Monday, 12 July 2010
Fun with Journal Table of Contents (TOCs)
With print serials, a classic way to keep up with new journal content is to skim the Table of Contents (TOC) of a journal issue. This form of serendipitous browsing not only provides an overview of current content but can lead to unexpected discoveries. It is limited, however, since you can only scan one TOC at a time and you need access to the print publication to do so. As journals have migrated to digital formats, however, the static TOC has become dynamic and STM publishers provide various ways to present them. These modes of distribution not only facilitate access bu offer new ways to present the information embedded in TOCs.
A classic way to get digital TOCs is by signing up for email alerts. You then receive periodic listings of TOCs for one or more serials with hyperlinks which typically go to the journals’ home pages. Nearly all the major publishers – Nature Publishing Group (NPG), American Chemical Society (ACS), and IEEE are just a few examples – provide email alerts, sometimes with the ability to customize them to fit particular search queries.
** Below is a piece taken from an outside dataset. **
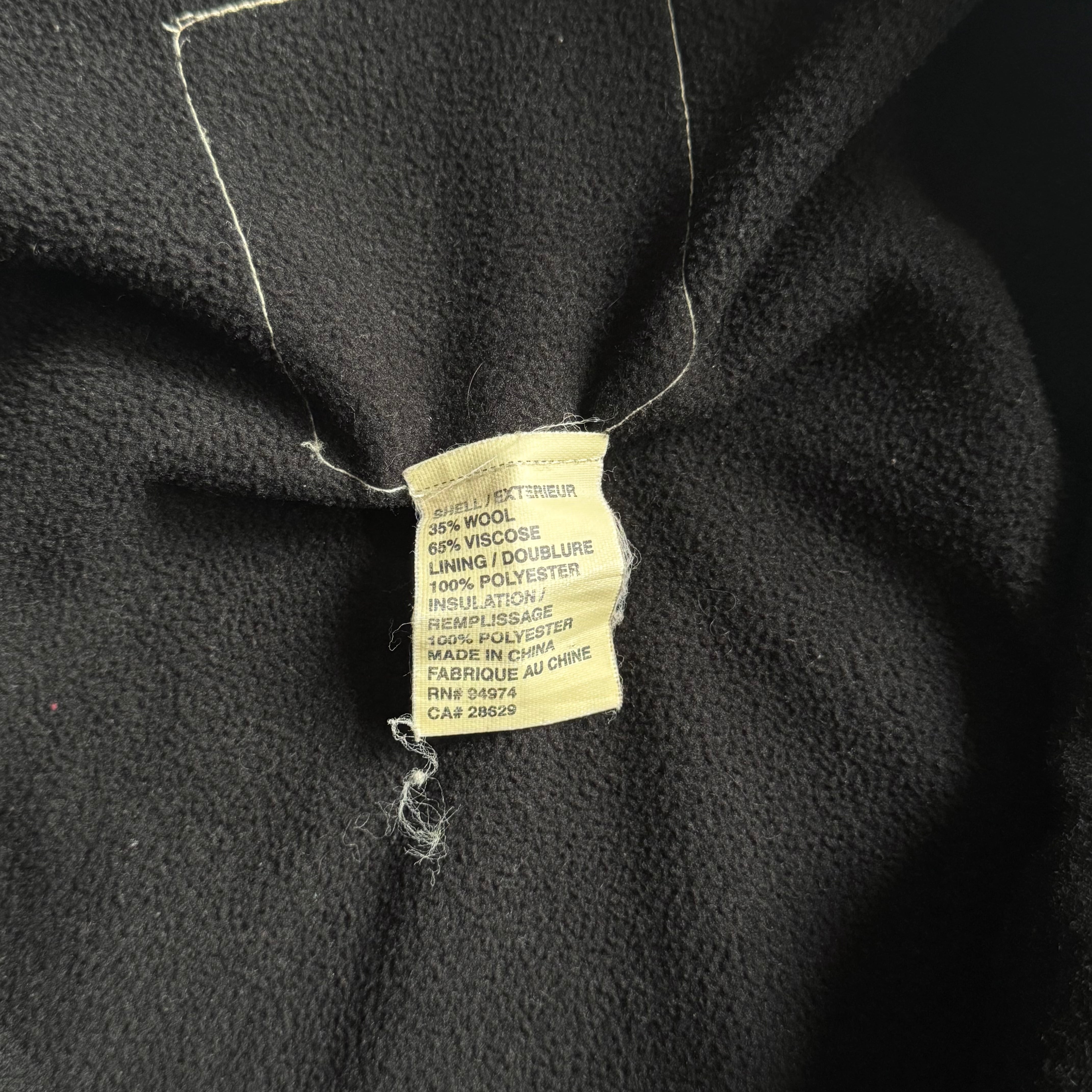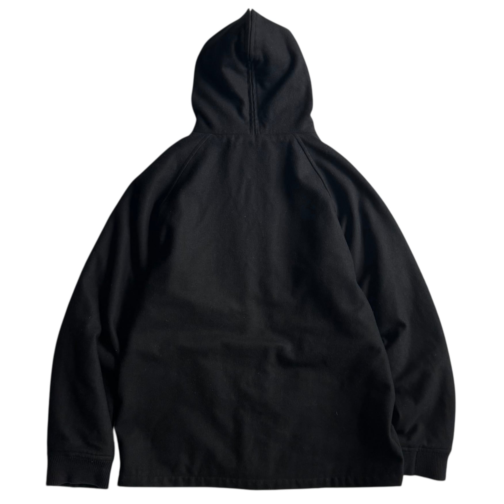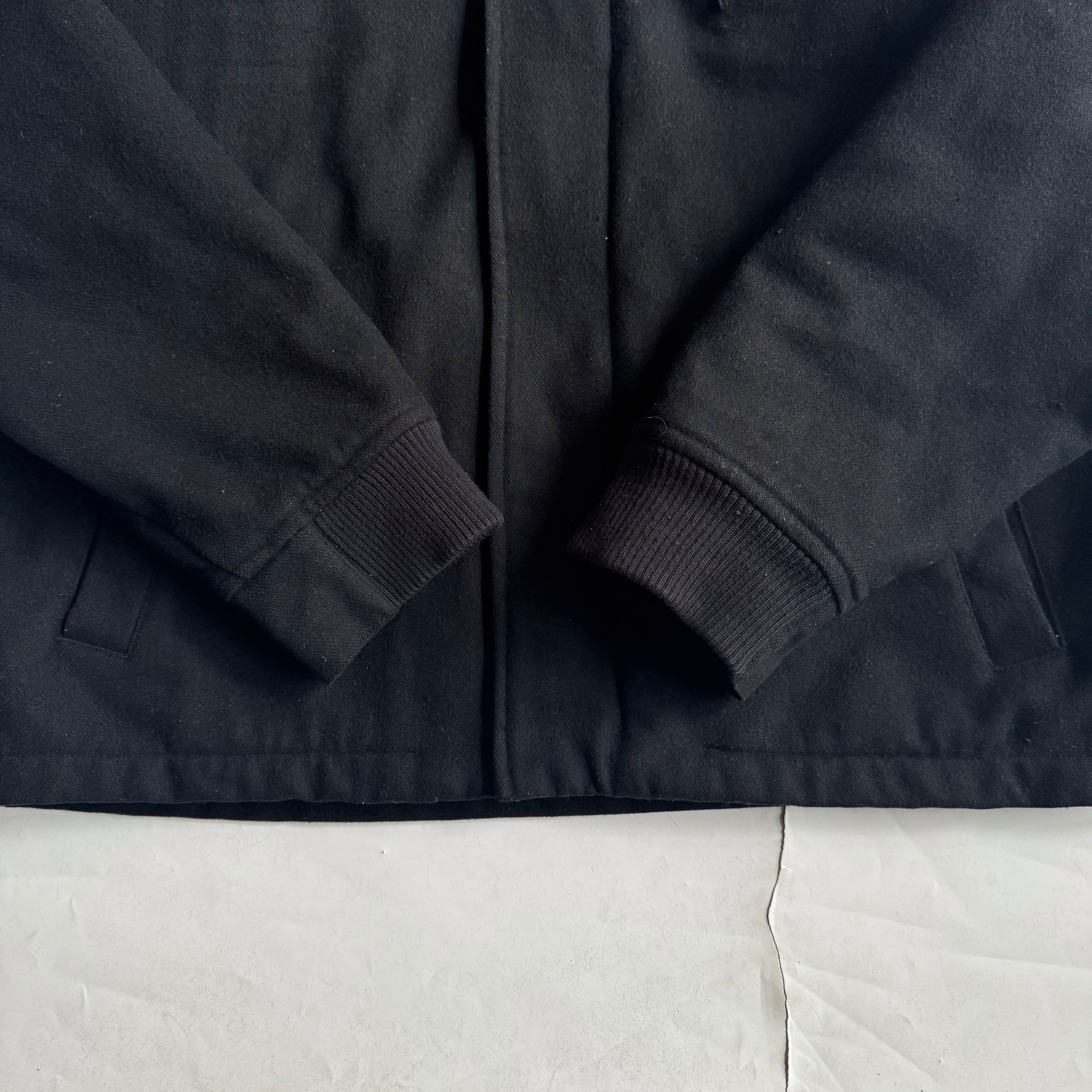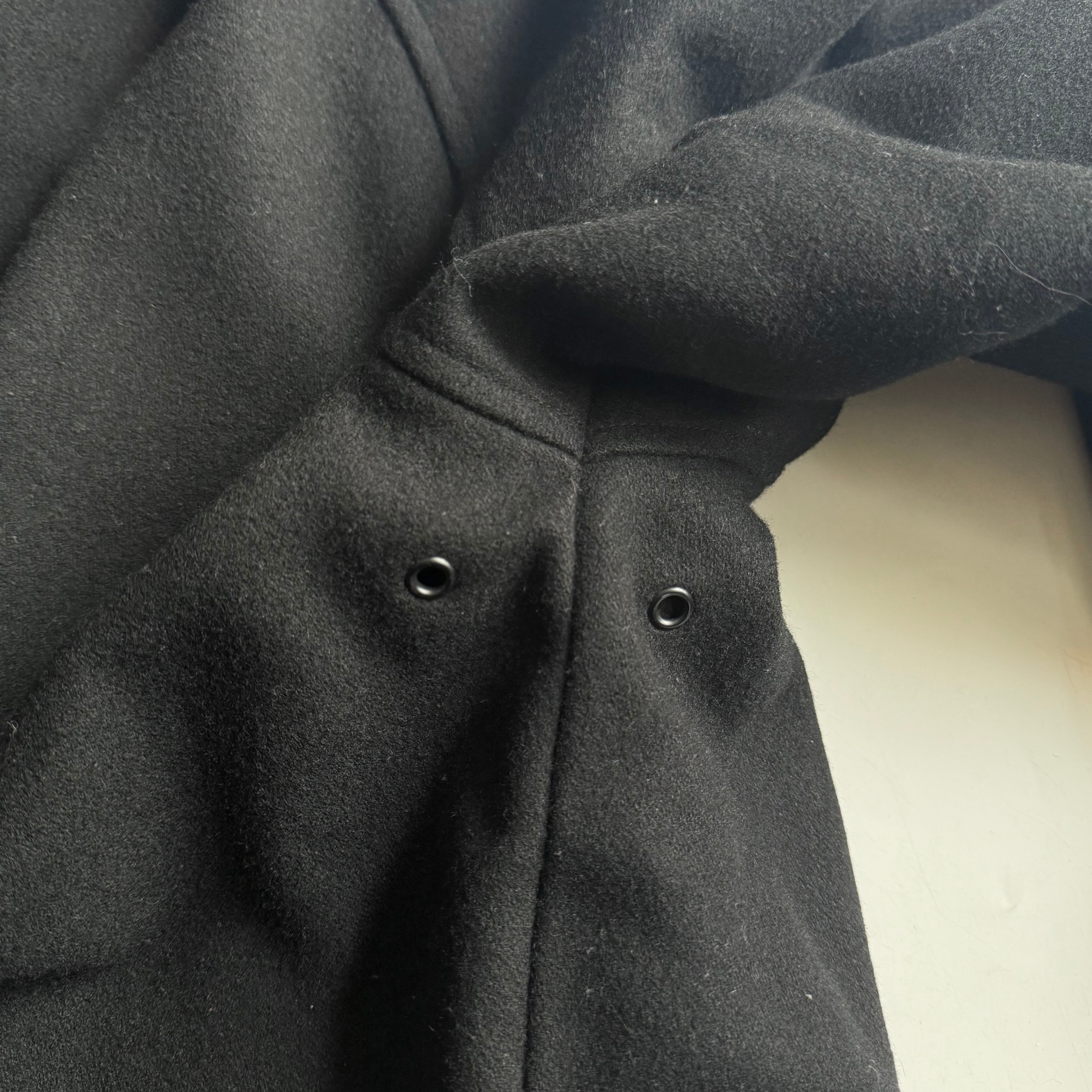 ブラックのウールで雰囲気◎ さりげなくフード裏に入るロゴ刺繍、あまり見ないタイプのイニシャルのデザイン。面白いディテールです。 •SIZE 表記不明 裄丈 96cm 身幅 65cm 着丈 77cm •MATERIAL WOOL 35% VISCOSE 65% •COLOR ブラック •CONDITION 使用感、背タグの欠損がございますが、目立った傷や汚れ等はございません。

Email alerts for TOCs are handy but if you don’t want this sort of content filling up your mailbox, you can sign up for RSS feeds of TOCs and then browse them at your leisure in a feed readers such as Google Reader or Bloglines. These generally free tools enable you to organize your RSS feeds into folders by topics, publications, and other facets and provide an efficient means of scanning multiple TOCs at all once. You can also pick up feeds in some email programs and via mobile devices. In addition, you can embed RSS widgets into web pages, blogs, and other Web 2.0 media. Tools like Yahoo Pipes lets you to combine feeds from multiple publications (the sample linked from here combines feeds from three journals focusing on nanotechnolog).
A useful tool for identifying TOC alerts in your target subjects is provided by the Joint Information Systems Committee (JISC) of the U.K. Its complimentary Journal Table of Contents Service has compiled TOC feeds for thousands of scholarly journals. You can screen for these TOCs by title, subject, and publisher, then select the journals that interest you, and view the feeds for their TOCs; clicking on an entry will take you to the journal’s site, and if they are in the Tufts collection or are open access, you can view the full text. You also export your selections as an OPML (Outline Processor Markup Language) file, which is an XML-based format for exporting and importing RSS feeds to and from feed readers. A recent subject search on engineering retrieved feeds for 765 titles divided into 10 major categories as defined by Ulrich’s Periodicals Directory; many of these titles are the top journals in their respective fields and are available in the Tufts collection. JISC also provides an option to set up an account so that you can save your TOCs and view them from within the JISC portal rather than through a feed reader.
Another notable aspect of the migration of TOCs to the digital world concerns the use of multimedia. Print journals in the biology and chemistry realm in particular are noteworthy for including images and pictograms in their TOCs – for scientists focusing on a particular structure, this provides for faster and more meaninful scanning than text might provide. The online variants of TOCs can take this further by providing TOC images as slide shows or 3D animations, as evidenced by, for example, the TOC of ACS Chemical Biology.
The examples listed above are just a sampling of how TOCs can become a useful research tool and as publishers of STM journals work with new web-based technologies, more applications will doubtless emerge.